Surging stocks make investors feel smart. Pay heed to the many ways you can go wrong.
By MORGAN HOUSEL
With the S&P 500 near an all-time high and the Nasdaq Composite approaching the 5000 mark for the first time since the dot-com bubble, it may feel like investing is easier than ever. It is times like these when paying attention to what not to do becomes crucial.
How do you become a better investor? Learn the basics. Study the masters. Seek out quality advice.
But some of the most important investing moves are the actions you don’t take, the forecasts you don’t read, the advice you ignore and the feelings you reject.
Here are nine mistakes to watch out for:
Feeling certain. Thinking that you “know” what some stock, or the market, is going to do puts you on the expressway to regret. There are no certainties in markets, only probabilities. It is far better to trust someone who says there is a 60% chance that the market will rise this year than someone who guarantees it. The graveyard of poor investing decisions is filled with people who left no room for error in their forecasts.
Extrapolating the recent past into the future. People have a burning desire to forecast, and minds have a burning desire to follow the path of least resistance. The easiest, and often most common, forecast is to assume the future will resemble the recent past. After stocks rise—like they have recently—investors assume they will keep rising. After stocks fall—like they did in 2008—they extrapolate and forecast further declines.
This may work for a while, but market turning points tend to come when conviction that a bull or bear market will continue is at its highest. While forecasting moves in straight lines, history moves in cycles and sudden spurts.
People selling financial products on commission. As the saying goes, “Never ask a barber if you need a haircut.” The answer is perfectly predictable. As a corollary, never ask a commissioned broker whether buying or selling a financial product is a good idea.
Self-interest is one of the most powerful forces in the world and can influence otherwise good, honest people to put their pocketbook before yours. Uncommissioned, fee-only financial advice is the best option in most financial matters.
Feeling smarter after the market rises. Everyone loves a bull market. You can make money without much effort. But that feeling can be dangerous, because it can increase your confidence more than your ability.
If you have done great as an investor over the past five years, check your ego at the door. Almost everyone has done well. The true test of investor skill is how you react during times of panic and distress.
Feeling victimized after the market drops. After every big market drop comes the finger-pointing. People blame Wall Street, high-frequency traders, politicians and stockbrokers. The truth is anyone owning stocks has signed up for a game with a history of repeated busts, crashes, pullbacks and bear markets. It is the norm.
The more victimized you feel after a market drop, the less likely you are to learn how normal and inevitable these drops are. Learn more and complain less, and you will be better off in the long run.
Impatience. Investing requires, more than anything, patience and discipline. But it often attracts the impatient and impulsive.

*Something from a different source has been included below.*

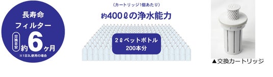 カートリッジ1個あたりで約400L相当(2Lペットボトル200本分)の浄水能力を持つ長寿命フィルターを搭載。カートリッジ交換目安は約6か月のため、1年間に2回の交換で済みます。
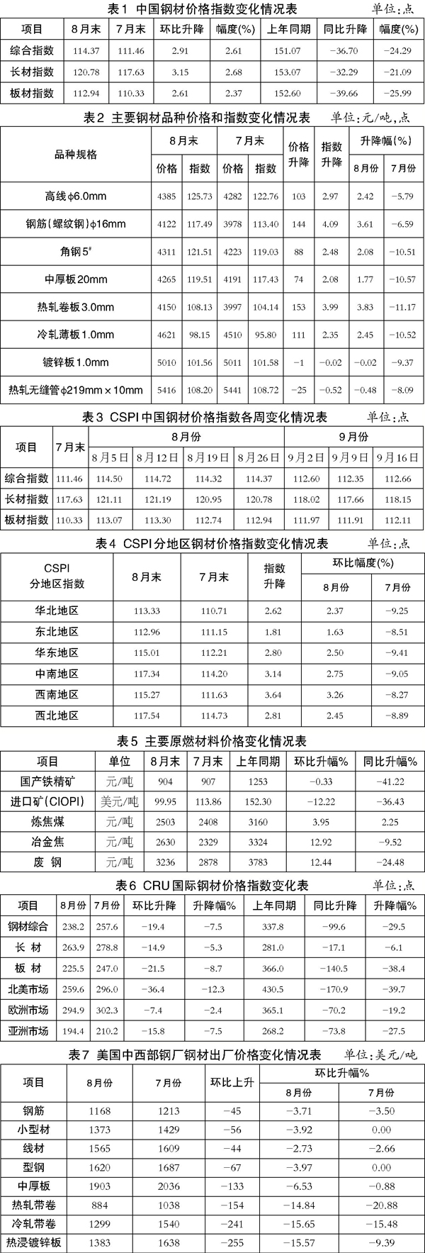 8月份,國內市場鋼材需求形勢有所好轉,鋼鐵產量環比增長,鋼材價格止跌回升。進入9月份以來,鋼材價格呈小幅波動走勢。

Markets tend to produce strong long-term returns, but the desire to pull those returns forward and earn more money now, today, has caused more misery and remorse than perhaps anything else in this business. Lengthening your time horizon is one of the best things anyone can do to improve his or her investment outcomes.
Letting partisan views guide your investment decisions. Don’t let your political views influence your investment decisions. By all means, use your morals to influence your choices—say, by investing in green energy, or avoiding tobacco companies. But realize that markets are ultimately driven by long-term corporate earnings, while politics are ultimately driven by the two-year election cycle.
Worrying about things you can’t control. You have no control over what the Federal Reserve will do next, who will win the next election, whether a company will meet earnings expectations, OPEC’s oil-output decisions or the next monthly jobs report.
You do have control over your own expectations, asset allocation, reactions to market volatility and the people you choose to listen to for financial advice. Use the time and energy devoted to the former to improve the latter.
Refusing to change your mind when the facts change. In financial punditry, points are awarded for confidence and consistency. People love a pundit who pounds the table, foretelling the future without wavering an inch. Indeed, in 2013 two economics graduate students from Washington State University showed that confidence trumped accuracy when measuring the popularity of pundit predictions.
While confidence and consistency make for good entertainment, humility and open-mindedness makes for better advice. The analyst who isn’t afraid to say, “I don’t know” and “I’ve updated my forecast now that information has changed” may never be popular, but he or she is the one you want to listen to.
Morgan Housel is a columnist at the Motley Fool.